Dyslexia More Common in Boys

Most people are very careful to avoid preferential treatment for students based on gender, but new research suggests boys may need special attention to cope with a higher prevalence of reading disabilities.

The findings, which appear in today's issue of the Mayo Clinic Proceedings, are part of a large study that examined the reading skills of 5,718 children born in Rochester, Minn., between 1976 and 1982 who remained in the area after the age of 5.

The researchers found that boys were two to three times more likely to suffer from dyslexia than girls. Dyslexia is a learning disorder in which an individual has difficulty reading despite having had adequate access to education and sufficient intelligence.

Overall incidence of reading disability varied between 5 percent and 12 percent in the study population, suggesting that dyslexia is common in children.
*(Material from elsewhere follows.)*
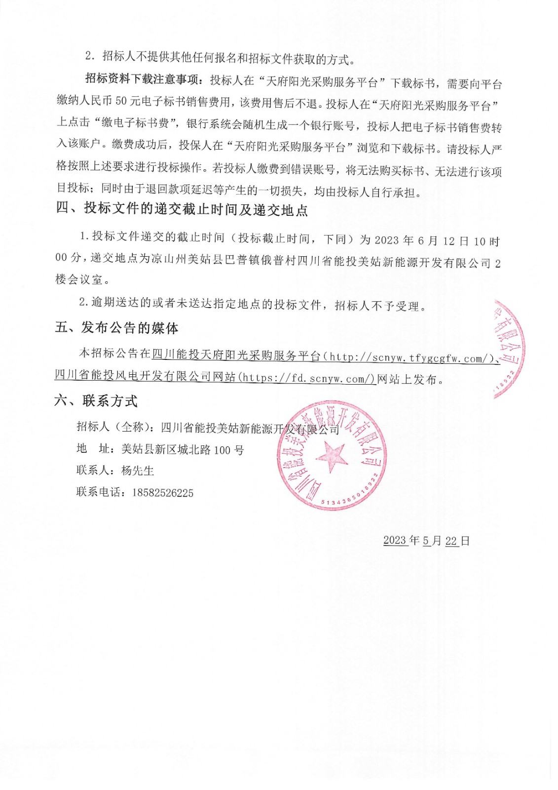 1.投标文件递交的截止时间(投标截止时间,下同)为2023年6月12日10时00分,递交地点为凉山州美姑县巴普镇俄普村四川省能投美姑新能源开发有限公司2楼会议室。

Results of a previous study conducted in Connecticut had established that there were no such gender differences in incidence of dyslexia.

Biological Basis

"There are over 20 million children in the United States between the ages of 5 and 9 and as many as 1 to 2.4 million of them could have dyslexia," says Dr. Slavica Katusic, an epidemiologist at the Mayo Clinic and lead author of today's study.
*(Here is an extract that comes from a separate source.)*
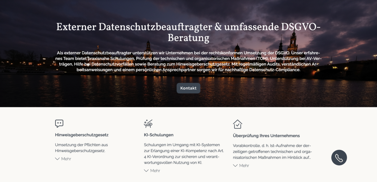 Im Quellcode überzeugt die Seite durch sauberes semantisches HTML – Überschriftenhierarchien sind logisch aufgebaut und unterstützen sowohl SEO als auch Barrierefreiheit. Interaktive Elemente wie Kontaktbuttons sind klar erkennbar, und der Blog liefert aktuelle Informationen, die Mehrwert für Bestands- und Neukunden schaffen. Auch SEO-relevante Aspekte wie Meta-Tags, Alt-Texte und eine schlanke Ladezeit werden erfüllt. Besonders positiv wirkt zudem der transparente Hinweis zur Verwendung von Cookies sowie die faire, persönliche Ansprache im Content. Diese Aspekte heben die Website positiv hervor und wirken sich direkt auf Nutzervertrauen und Sichtbarkeit aus.

While all of the contributing factors of dyslexia are unknown, there is strong scientific evidence to suggest that it is genetic in origin.

"There is a difference, literally, in the brain architecture that causes a certain part of the brain of a person with dyslexia to have trouble decoding the written word," says J. Thomas Viall, executive director for the Baltimore, Md.-based International Dyslexia Association.
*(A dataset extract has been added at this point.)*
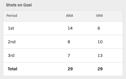 As the rest of the period progressed, the Canucks were finally able to bring their shot total in line with the Ducks. The Ducks were outshooting Vancouver by 2-1 for most of the game, but a big reason why the shot count didn’t reflect what was happening on the ice is because of the large number of times Canucks players missed the net entirely. What momentum there was in this game was certainly with Vancouver, as Anaheim never really had a single moment where they genuinely threatened the Canucks whatsoever.

According to Katusic, previous studies show that male and female brains process reading differently and that these differences may account for the results of the current study.

Katusic plans further research to determine what accounts for these differences. For example, are there risk factors during pregnancy, delivery or after delivery that may contribute to the risk of developing dyslexia.

Managing Dyslexia

While there is no cure for dyslexia, children with dyslexia can improve their language abilities by learning special skills. Recognizing dyslexia and teaching these skills, however, requires committed teachers, parents and school systems.

"Some school districts won't even acknowledge that dyslexia exists," adds Viall. "The public school system in America is poorly equipped to deal with it."

According to Katusic, the findings of today's study have many implications for those who are involved in aiding children, even those who work outside of the educational system.

"Physicians can ask about a child's progress with reading, teachers can determine if a problem child is actually a child with a reading problem, and parents can explore whether reading is the main problem their child is having in school," adds Katusic.